At the end of the third quarter, total unfunded leveraged lending commitments were 27 billion euros, the bank said on October 31, when it took a 603 million-euro charge on loans and loan commitments.

"Now we see investors are coming back at levels or even above what we have in the book, so in that sense things are normalizing," Ackermann said.

He said the allocation of loans in recent weeks was "a very, very encouraging signal," adding: "It's one of the reasons why I'm actually a bit more optimistic."

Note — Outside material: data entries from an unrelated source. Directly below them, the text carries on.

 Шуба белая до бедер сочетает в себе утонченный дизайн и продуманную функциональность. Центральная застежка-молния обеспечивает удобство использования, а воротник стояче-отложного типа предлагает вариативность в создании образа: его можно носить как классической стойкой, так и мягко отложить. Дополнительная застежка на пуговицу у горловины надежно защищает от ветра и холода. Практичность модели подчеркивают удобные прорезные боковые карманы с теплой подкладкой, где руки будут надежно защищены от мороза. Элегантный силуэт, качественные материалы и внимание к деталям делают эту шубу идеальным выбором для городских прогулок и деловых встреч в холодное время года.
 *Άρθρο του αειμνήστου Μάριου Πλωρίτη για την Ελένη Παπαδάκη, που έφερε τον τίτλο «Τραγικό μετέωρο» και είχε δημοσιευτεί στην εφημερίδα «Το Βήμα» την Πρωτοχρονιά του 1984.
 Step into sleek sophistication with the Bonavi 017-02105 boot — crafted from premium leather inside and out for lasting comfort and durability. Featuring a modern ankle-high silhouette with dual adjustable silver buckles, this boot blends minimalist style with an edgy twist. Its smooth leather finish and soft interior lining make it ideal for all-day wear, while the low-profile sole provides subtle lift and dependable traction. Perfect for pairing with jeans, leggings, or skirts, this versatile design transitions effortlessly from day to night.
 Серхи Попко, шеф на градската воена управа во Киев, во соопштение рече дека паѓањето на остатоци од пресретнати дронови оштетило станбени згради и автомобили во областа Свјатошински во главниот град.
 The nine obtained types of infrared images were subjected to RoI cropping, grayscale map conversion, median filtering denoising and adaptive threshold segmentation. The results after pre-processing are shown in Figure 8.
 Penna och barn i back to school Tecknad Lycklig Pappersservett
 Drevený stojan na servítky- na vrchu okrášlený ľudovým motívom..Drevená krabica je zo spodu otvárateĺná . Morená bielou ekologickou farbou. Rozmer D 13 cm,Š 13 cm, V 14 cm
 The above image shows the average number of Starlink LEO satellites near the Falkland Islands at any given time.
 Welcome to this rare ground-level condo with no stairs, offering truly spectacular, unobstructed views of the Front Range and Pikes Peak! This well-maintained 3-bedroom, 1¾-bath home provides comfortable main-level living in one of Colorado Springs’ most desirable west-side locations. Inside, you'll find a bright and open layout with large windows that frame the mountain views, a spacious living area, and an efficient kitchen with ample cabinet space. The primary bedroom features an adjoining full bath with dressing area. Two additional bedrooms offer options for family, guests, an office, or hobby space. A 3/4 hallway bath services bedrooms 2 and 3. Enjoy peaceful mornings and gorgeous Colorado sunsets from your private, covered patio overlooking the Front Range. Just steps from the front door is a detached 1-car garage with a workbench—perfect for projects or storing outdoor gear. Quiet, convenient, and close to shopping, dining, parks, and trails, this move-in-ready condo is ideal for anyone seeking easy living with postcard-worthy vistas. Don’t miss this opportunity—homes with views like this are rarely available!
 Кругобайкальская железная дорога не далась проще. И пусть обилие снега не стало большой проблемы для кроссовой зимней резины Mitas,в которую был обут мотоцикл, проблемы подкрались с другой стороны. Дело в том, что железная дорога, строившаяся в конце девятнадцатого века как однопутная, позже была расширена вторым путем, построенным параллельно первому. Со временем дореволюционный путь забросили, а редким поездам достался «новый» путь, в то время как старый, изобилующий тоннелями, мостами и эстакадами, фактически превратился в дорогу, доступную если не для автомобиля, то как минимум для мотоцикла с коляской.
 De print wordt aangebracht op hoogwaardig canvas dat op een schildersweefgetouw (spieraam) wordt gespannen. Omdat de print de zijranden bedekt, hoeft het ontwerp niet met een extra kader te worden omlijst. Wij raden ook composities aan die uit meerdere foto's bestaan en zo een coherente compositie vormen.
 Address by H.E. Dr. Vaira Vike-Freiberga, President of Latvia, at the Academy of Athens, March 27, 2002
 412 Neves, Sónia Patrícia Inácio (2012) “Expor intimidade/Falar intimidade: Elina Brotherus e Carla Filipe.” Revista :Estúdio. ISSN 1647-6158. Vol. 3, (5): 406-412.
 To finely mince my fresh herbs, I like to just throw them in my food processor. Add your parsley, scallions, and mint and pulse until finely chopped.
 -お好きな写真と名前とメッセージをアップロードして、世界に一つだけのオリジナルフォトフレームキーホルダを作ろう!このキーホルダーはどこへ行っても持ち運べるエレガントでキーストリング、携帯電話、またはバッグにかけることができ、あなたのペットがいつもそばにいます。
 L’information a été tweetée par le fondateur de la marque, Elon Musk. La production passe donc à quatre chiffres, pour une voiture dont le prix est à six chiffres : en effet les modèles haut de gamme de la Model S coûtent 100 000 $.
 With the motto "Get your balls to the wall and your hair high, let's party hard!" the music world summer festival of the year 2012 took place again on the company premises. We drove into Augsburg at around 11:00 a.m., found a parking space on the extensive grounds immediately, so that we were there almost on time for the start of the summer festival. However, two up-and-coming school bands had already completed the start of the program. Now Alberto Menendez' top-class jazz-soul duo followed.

There are even some new deals coming through, although they are relatively small. "If it's 2 to 5 billion it's no problem, but the very big ones, 20 billion plus, that you had, they are still very challenging," Ackermann said.

QUALITY COUNTS

Ackermann said an important factor was the quality of the loans that have been retained.

"The deals which are now in this $300 billion are good deals from a credit perspective, so there's not a credit risk," he said.

"So the only question is at what price you want to allocate it, and some banks say: we'll take it on our books, and we're doing actually quite well from the net interest margin."

Ackermann said this could lead other banks to debate about moving back to traditional bank lending versus the originate-to-distribute model where banks act as short-term lenders and then syndicate the risk to end investors.

"For Deutsche Bank this is clearly not the case," he said.